Search code examples
httphttp-redirectlanguage-agnostic

Is it possible to set 301 in an infinite loop based on the request


Please consider this language agnostic. I really like to know what happens beneath. The code is in C#. The problem is, I am trying to fetch this URL: https://fr.wikipedia.org/wiki/Monast%C3%A8re_d%27Arkadi from code. Whatever I do, I get either "MaximumAutoRedirects exceeded" or "operation timed out".

Sample code in C#, although I see similar results in other languages:

var url = "https://fr.wikipedia.org/wiki/Monast%C3%A8re_d%27Arkadi";
var request = (HttpWebRequest)WebRequest.Create(url);
try
{
    request.CookieContainer = new CookieContainer();
    request.MaximumAutomaticRedirections = Int32.MaxValue;
    request.AllowAutoRedirect = true;
    request.Method = "GET";
    using (WebResponse response = request.GetResponse())
    using (var stream = response.GetResponseStream())
    {
        var reader = new StreamReader(stream);
        var res = reader.ReadToEnd();
    }
}
catch (Exception ex)
{

}

My questions:

  1. Why this auto re-direct is happening?
  2. Is it possible to detect a get from code / browser? ( I don't know how to ask this.
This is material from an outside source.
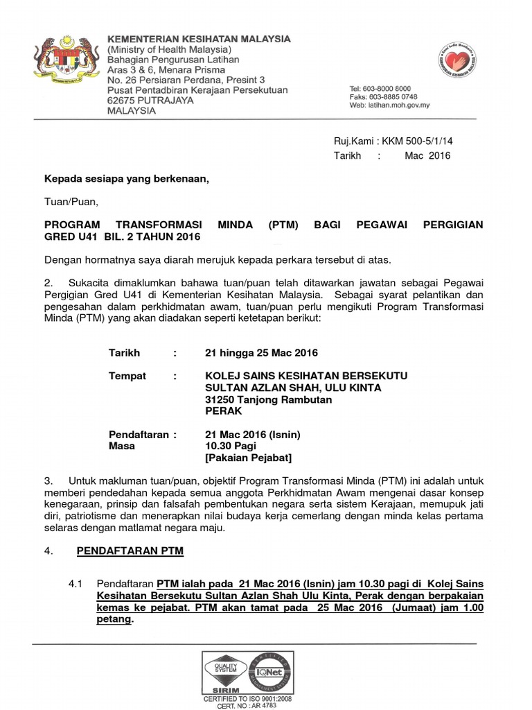 Http Www Moh Gov My Moh Resources Semakan 20kerjaya Surat Panggilan Ptm On9 Pergigian Siri 4 Portall Pdf

I meant that when accessing from Chrome I get the URL. But when performing a GET from code, I get infinite re-direct. So are those GETs any different was my question)

P.S: This question prompted me to ask this. Why Wikipedia returns 301 response code with certain URL?


Solution

  • Is it possible to set 301 in an infinite loop based on the request ?

    Yes. An http server can send you an inifinite scheme. Usually the browser will detect an infinite redirection loop and will stop redirecting. A configuration problem on the server side can create a redirection loop. An HTTP client should be able to detect that and stop after a certain amount of redirections (and request.MaximumAutomaticRedirections = Int32.MaxValue is maybe too big in that case)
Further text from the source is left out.